Oct 13 03:02:01 puma20 systemd: libvirtd.service: main process exited, code=killed, status=11/SEGV
Oct 13 03:02:01 puma20 systemd: Unit libvirtd.service entered failed state.

To be honest, I don't know if this is the only cause of misbehaviour, but for sure it is one cause and quite big, so we need to move the bug against libvirt and block this one on it.

--- Additional comment from Francesco Romani on 2014-10-15 03:12:11 EDT ---

same as https://bugzilla.redhat.com/show_bug.cgi?id=1083485 apparently.

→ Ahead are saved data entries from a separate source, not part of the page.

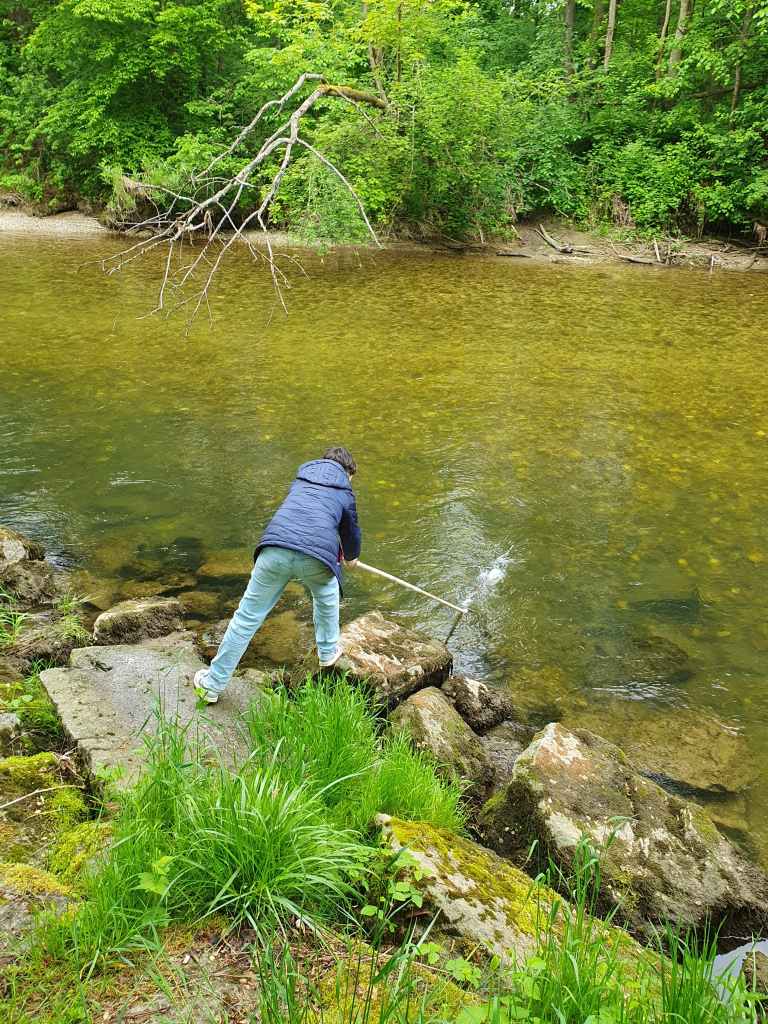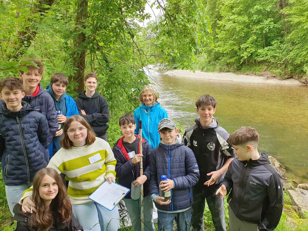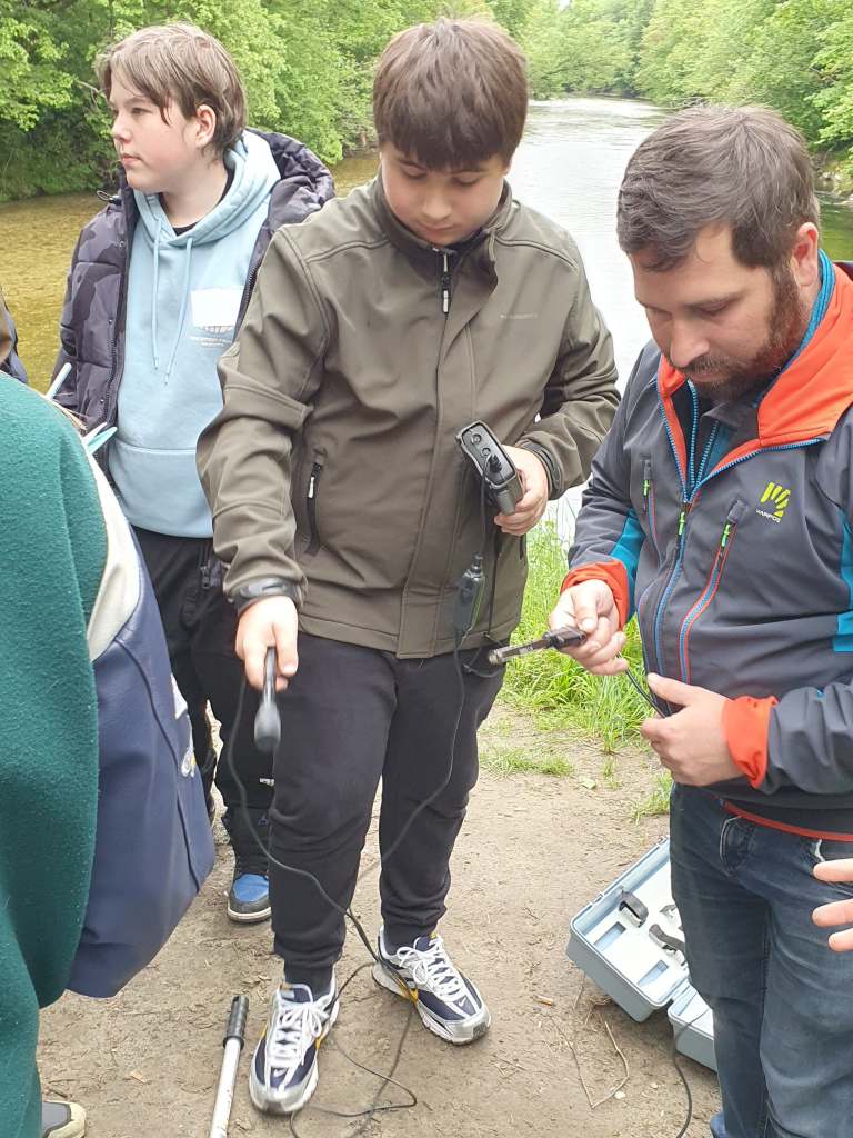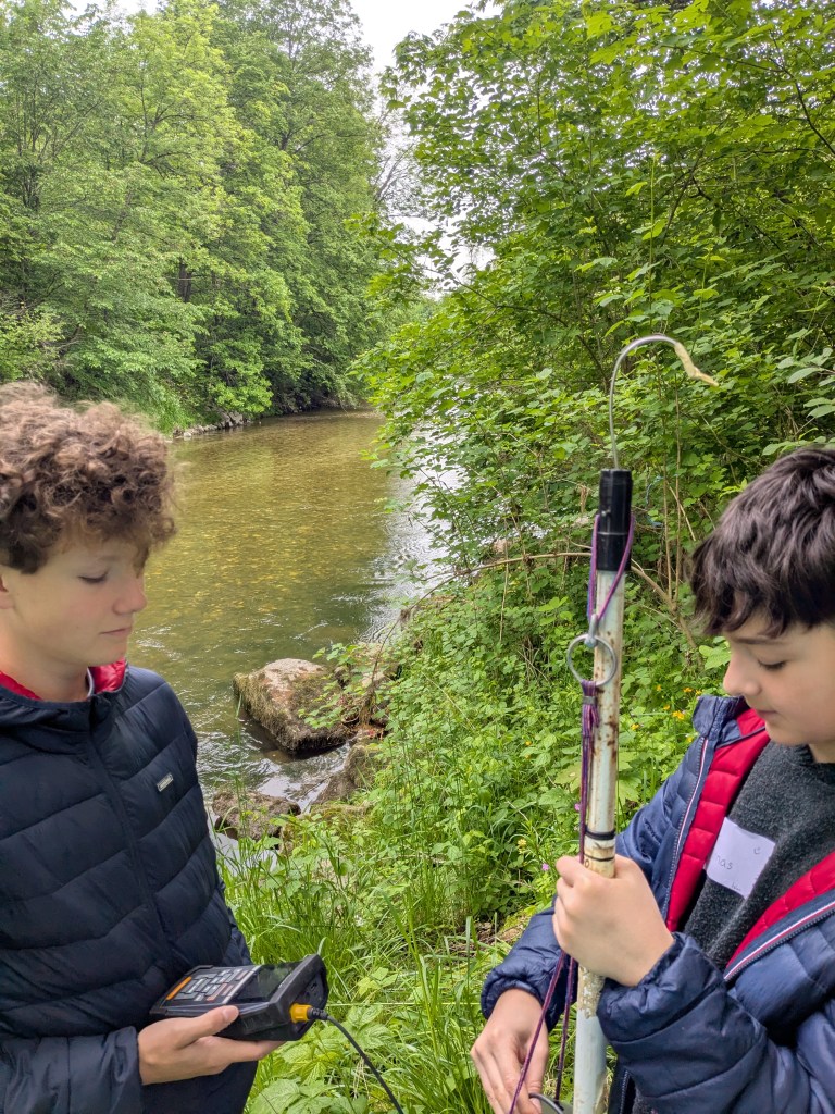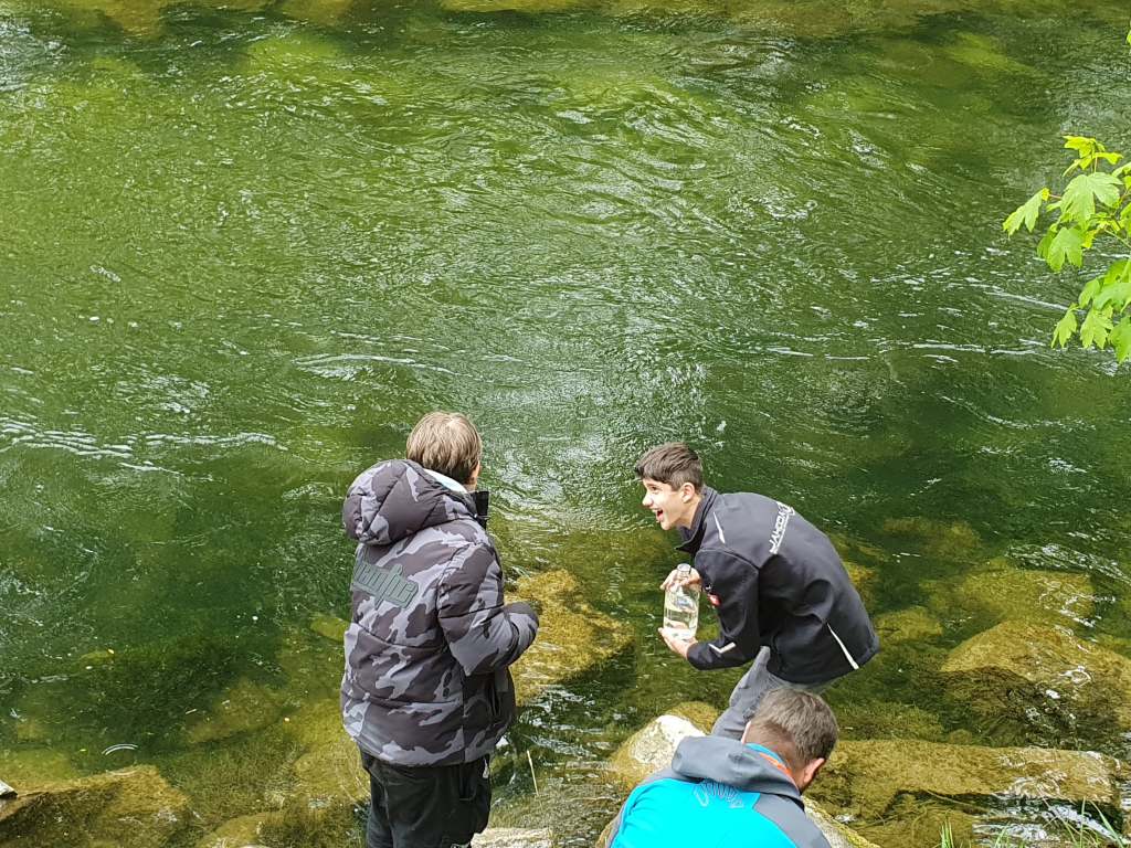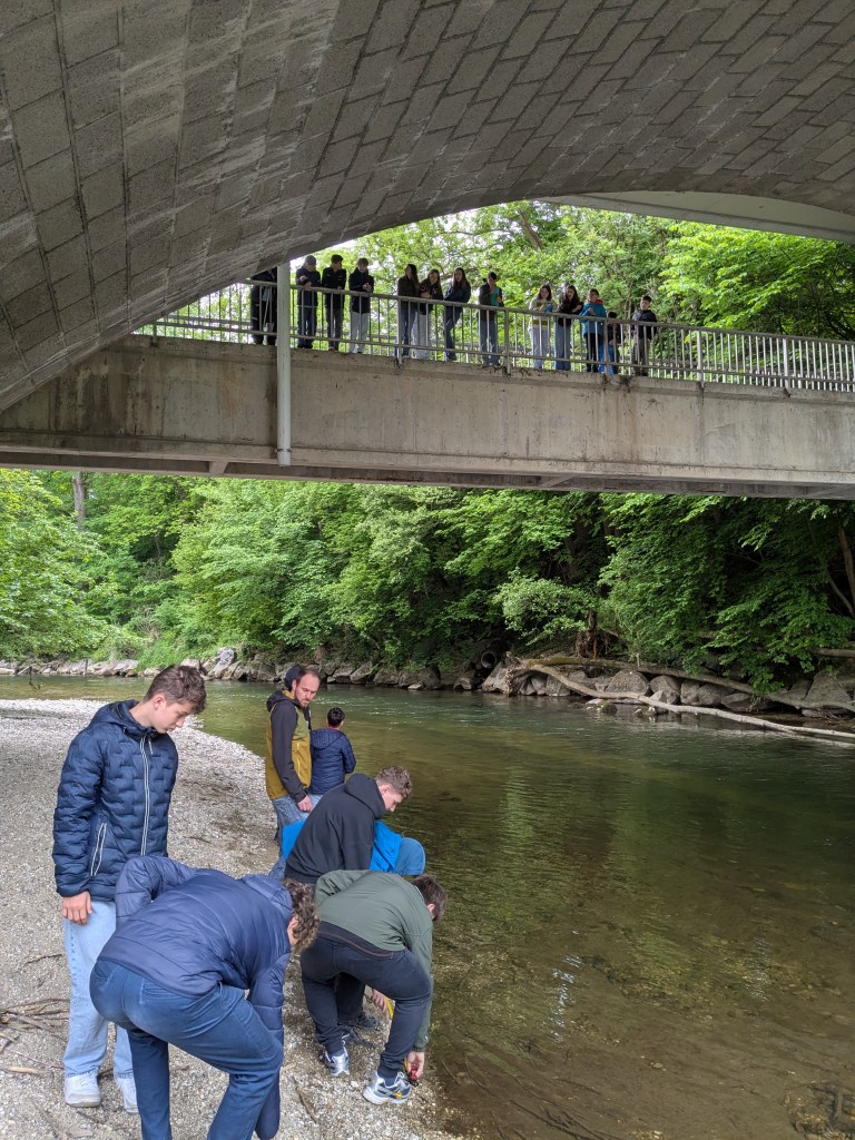 Zuerst gab es einen kleinen Vortrag von uns und wir waren sehr erstaunt, was die Schüler/innen schon alles wussten. Sogar den sogenannten Tree of Life, der alle auf der Erde lebenden Organismen darstellt, kannten die Schüler/innen. An ihm kann man die ungeheure Vielfalt der Bakterien sehr schön sehen. Er zeigt auch, dass die Lebewesen, die wir mit blosem Auge sehen können und zu denen auch der Mensch gehört, nur einen kleinen Teil der Biodiversität darstellen. Dafür war neu, dass von den vermutlich Milliarden existierenden Bakterienarten nur ca. 20.000 der Wissenschaft namentlich bekannt sind. 13 neue Arten sind bis jetzt durch unser Projekt und die Mithilfe unserer Citizen Scientists bereits dazugekommen. Nach ein paar Experimenten zu Leitfähigjkeit und pH-Wert im Klassenzimmer ging es an Ager und Vöckla um Wasserproben zu holen und Messungen vor Ort durchzuführen. Die Wasserproben haben wir später im Labor aufbereitet. Wir wollen eine Methode entwickeln, um unsere Aquirufa Bakterien und ihre verschiedenen Arten direkt aus der Erbsubstanz in der Wasserprobe nachzuweisen. Da wartet allerdings noch sehr viel Arbeit auf uns. Der absolute Höhepunkt war aber die Messung der Fließgeschwindigkeit mit Hilfe eines fluoreszierenden Farbstoffes in der Ager (mit Ton anschauen 😉 ):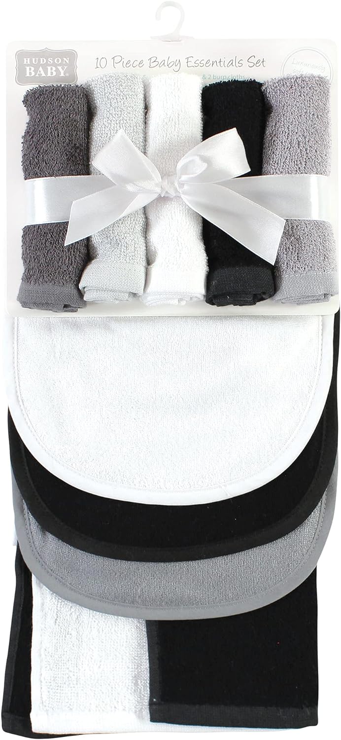 Hudson Baby Baby Rayon from Bamboo Bib, Burp Cloth and Washcloth 10pk(Black White)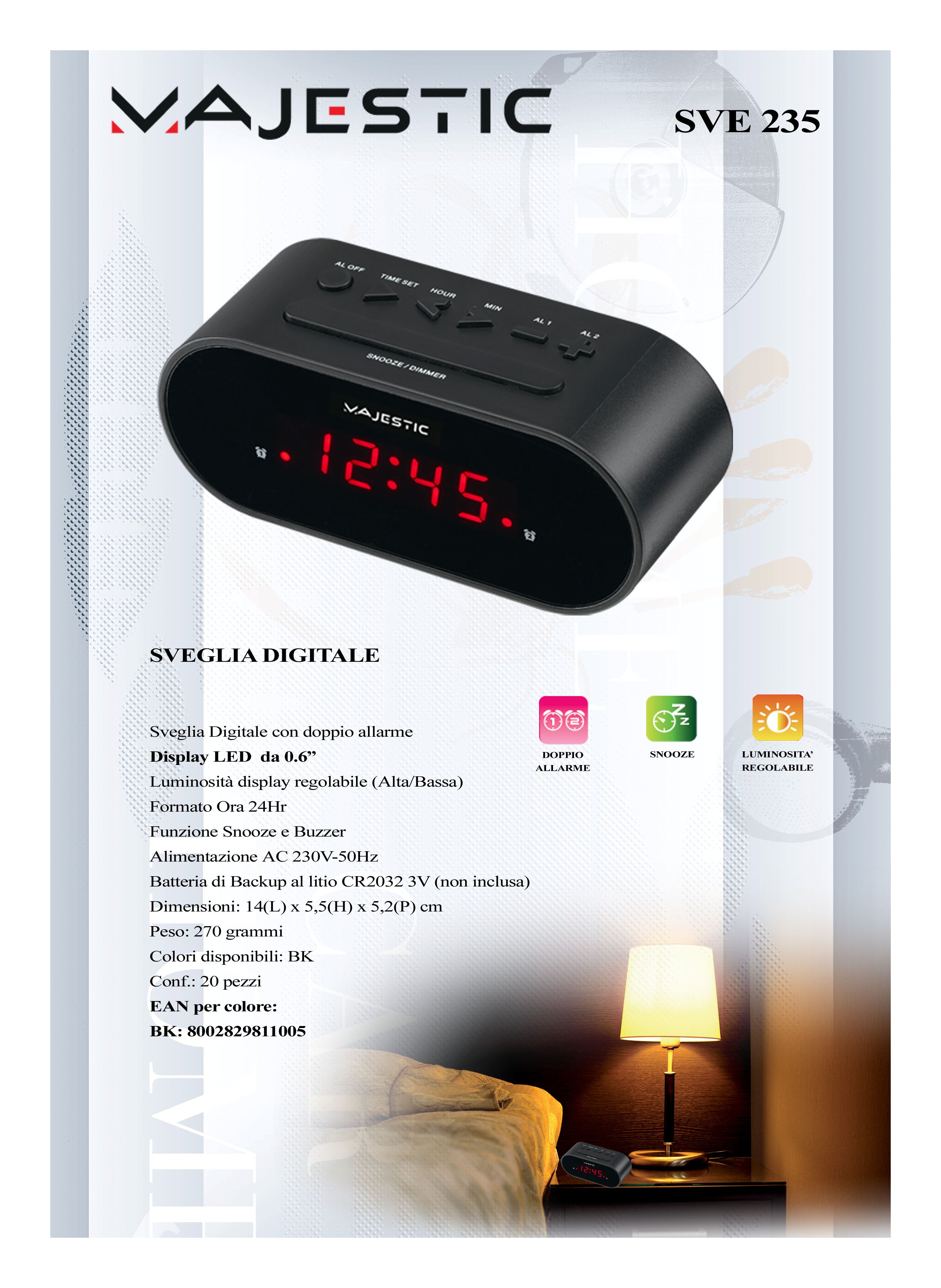 Sveglia - Posizionabile a tavolo - Con orologio digitale - Alimentazione a Rete - Luminosità display regolabile (Alta/Bassa) Funzione Snooze e Buzzer Batteria di Backup al litio CR2032 3V (non inclusa)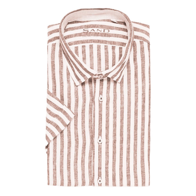 Flot beige og hvid stribet kortærmet skjorte Sand.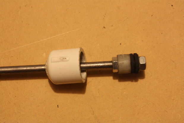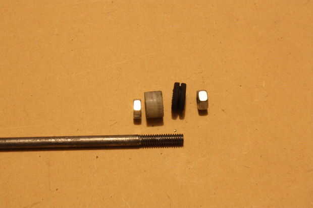 Tomar la varilla de 1/4 y 1/4 20 mueren y enrosque la varilla lo suficiente como para atornillar dos tuercas, el espaciador de nilón, arandela y arandela de plástico.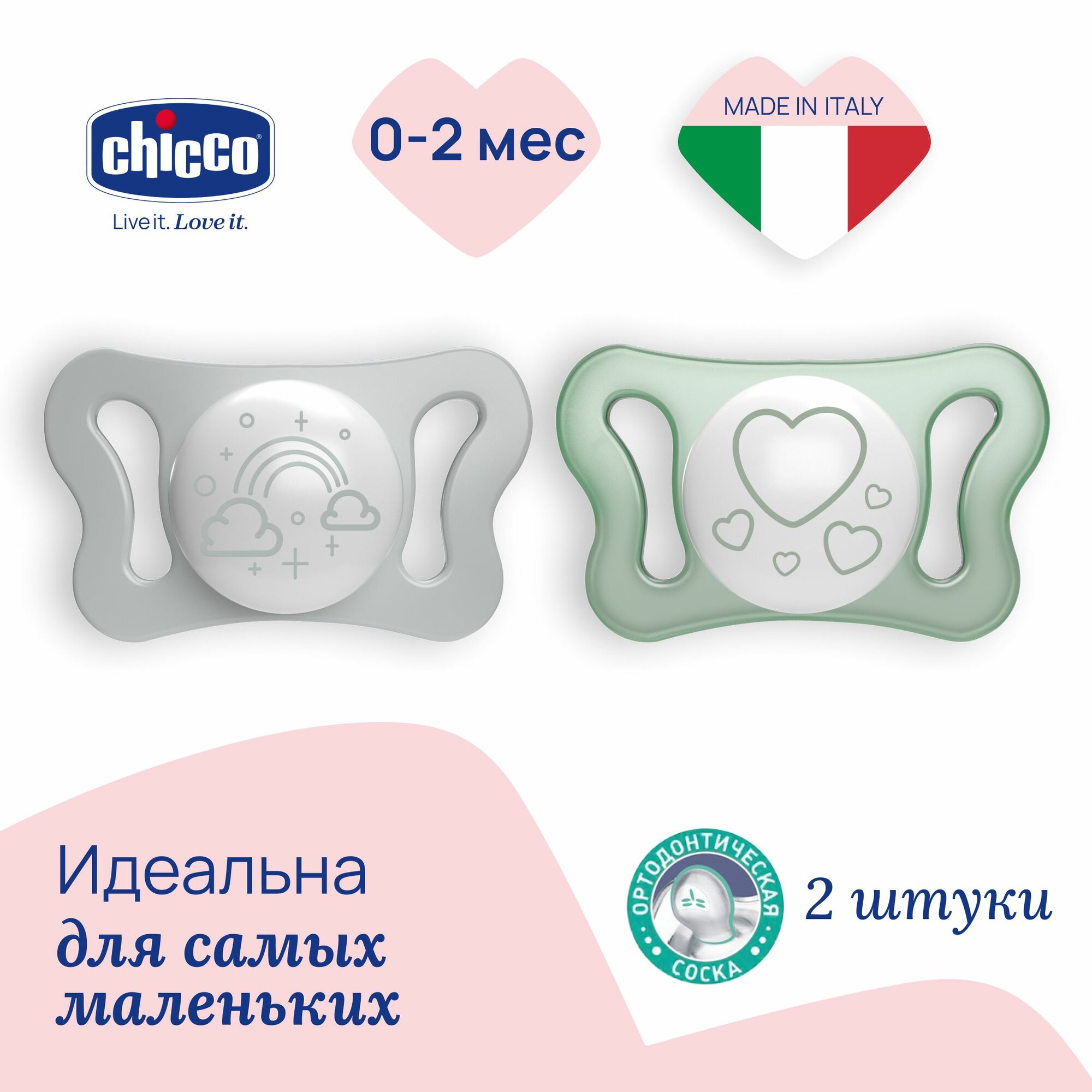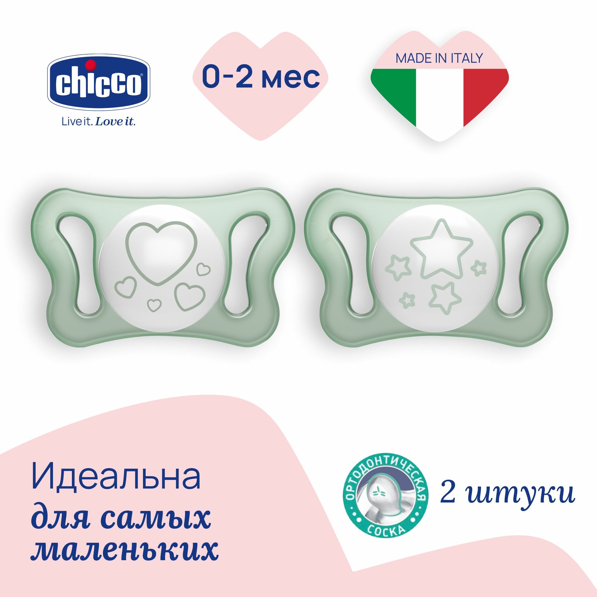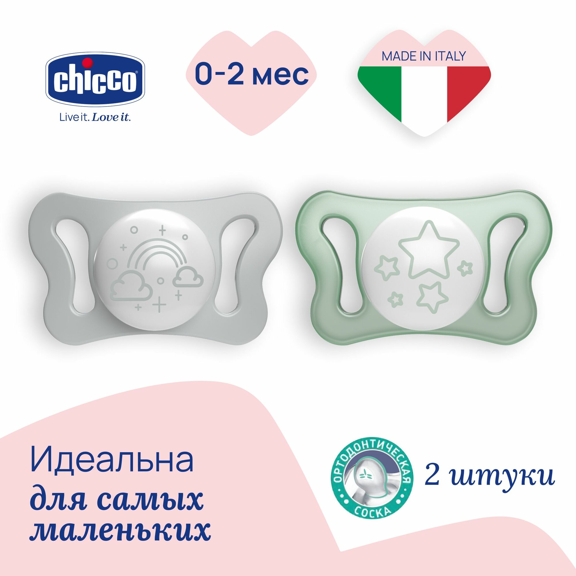 Соска пустышка для новорожденных 0-2 мес Chicco Утешение Physioforma Micro 2 шт, Розовый

Either we manage to fetch a coredump or we have to close this as well since it seems  there is nothing we can do

Comment 1 Ilanit Stein 2014-10-19 07:10:17 UTC
Created attachment 948203 [details]
test logs

Comment 4 Michal Skrivanek 2014-11-03 13:52:54 UTC
parent bug has been closed as we were unable to get a core dump and the bug stopped reproducing

Comment 5 Jiri Denemark 2014-11-10 13:07:30 UTC
Unfortunately, there's not much we can do without a reproducer or backtrace. I looked at the migration code around the places mentioned in the log generated by SIGSEGV handler but I didn't spot anything suspicious. That said, I'm closing this bug to match the original vdsm bug. Please, file a new bug with a backtrace attached in case this issue reappears.